«J'ai été chassé de l'université parce que je n'étais pas considéré comme un assez bon musulman. Je me suis mis à vendre des livres et des vêtements pour nourrir ma famille. Un soir, j'ai assisté au lynchage de Moudjahidin par des miliciens du régime. J'ai décidé de les rejoindre et je me suis mis à distribuer leur journal. Cette idée d'une société fraternelle et sans classe a séduit le fils de paysans pauvres que j'étais. A cette époque-là, le mouvement jouissait d'une assise populaire incroyable, en particulier chez les universitaires et la petite bourgeoisie. J'ai quitté la capitale en 1983 pour le Kurdistan, où les Moudjahidin s'adonnaient à la lutte armée. J'avais 25 ans. Nous faisions des gardes de nuit, participions à diverses opérations. On m'a demandé un jour d'éliminer le chef de la région. J'avais du cyanure et de l'explosif avec moi, c'était une opération-suicide. Je n'ai jamais pu, il y avait toujours une femme ou un enfant qui traversait la rue au moment de passer à l'action. Je n'étais pas prêt à devenir un pion aveugle. Les relations se sont compliquées entre les Moudjahidin et moi. Je suis tombé amoureux d'une fille, ça n'a pas arrangé les choses.

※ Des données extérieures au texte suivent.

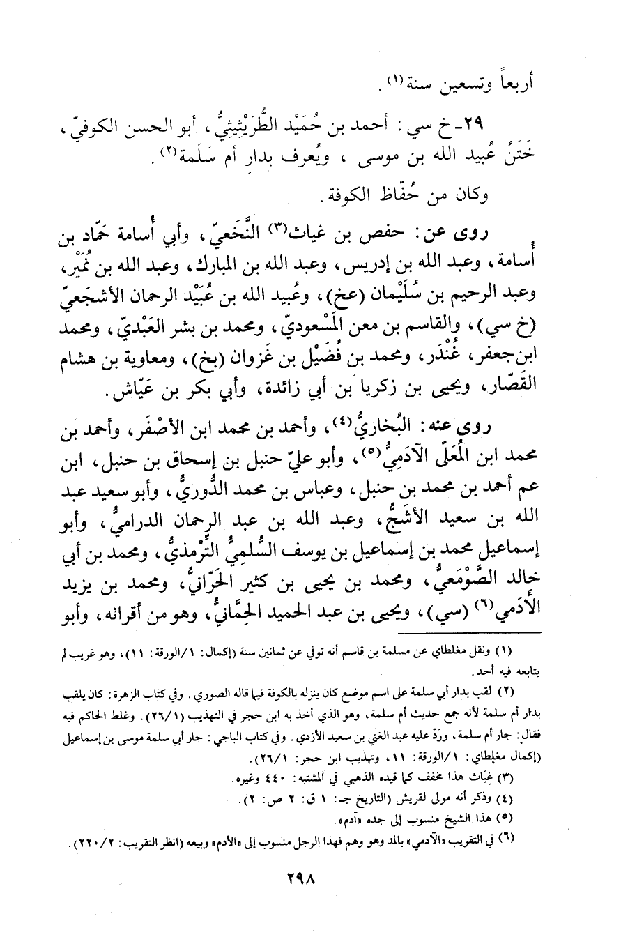 29- خ سي: أَحْمَد بن حميد الطريثيثي، أَبُو الْحَسَن الكوفي، ختن عُبَيد اللَّهِ بْن مُوسَى، ويعرف بدار أم سَلَمَة (2) .
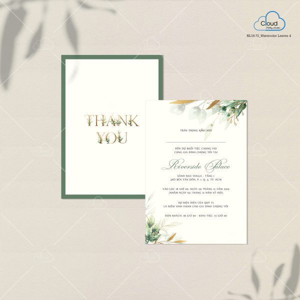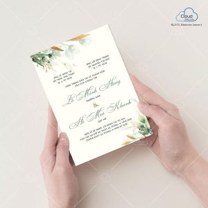 – Thiệp mời tiệc: 12 x 17 cm, quy cách in 2 mặt, chất liệu giấy mỹ thuật tiêu chuẩn.

Le mariage, ensuite, entre Massoud Radjavi et Maryam est très mal passé; on nous a dit que cela faisait partie de la révolution idéologique du parti alors qu'elle était l'épouse d'un autre cadre des Moudjahidin. Je ne comprenais pas. Je posais des questions et j'étais repoussé. Je ne comprenais pas que les autres acceptent et moi non, j'étais rongé par la culpabilité. La plupart de mes camarades étaient sincères, ils se battaient pour un changement idéologique en Iran. Au début, personne n'était là pour les beaux yeux de Maryam ou de Massoud, on voulait la justice, la liberté. Il n'y avait pas cette dérive sectaire, cette vénération des chefs. L'organisation était autoritaire, très organisée, mais je n'ai pas connu de cas de répression interne ou de torture. On nous mettait plutôt à l'isolement ou dans la «maison de repos», la demeure la plus proche du front régulièrement ciblée par l'armée iranienne.

Après de longues discussions, les Moudjahidin ont accepté de m'envoyer à Auvers-sur-Oise, sous une fausse identité imposée par le parti. Je m'occupais de la sécurité du siège. J'ai rompu définitivement en 1989. Personne ne m'en a empêché physiquement, mais j'ai subi des pressions psychologiques et affectives. Il m'a fallu près de quinze ans et un début de célébrité* pour retrouver ma véritable identité. J'ai dû me battre devant les tribunaux. C'est difficile d'imaginer quitter le mouvement pour les militants qui sont là depuis des années. Que peuvent-ils devenir sans identité et sans revenus dans un pays qui n'est pas le leur?»

* Raphaël-Karim Djavani est l'auteur de «Allah et moi» et «L'Enfant des blés» (Flammarion).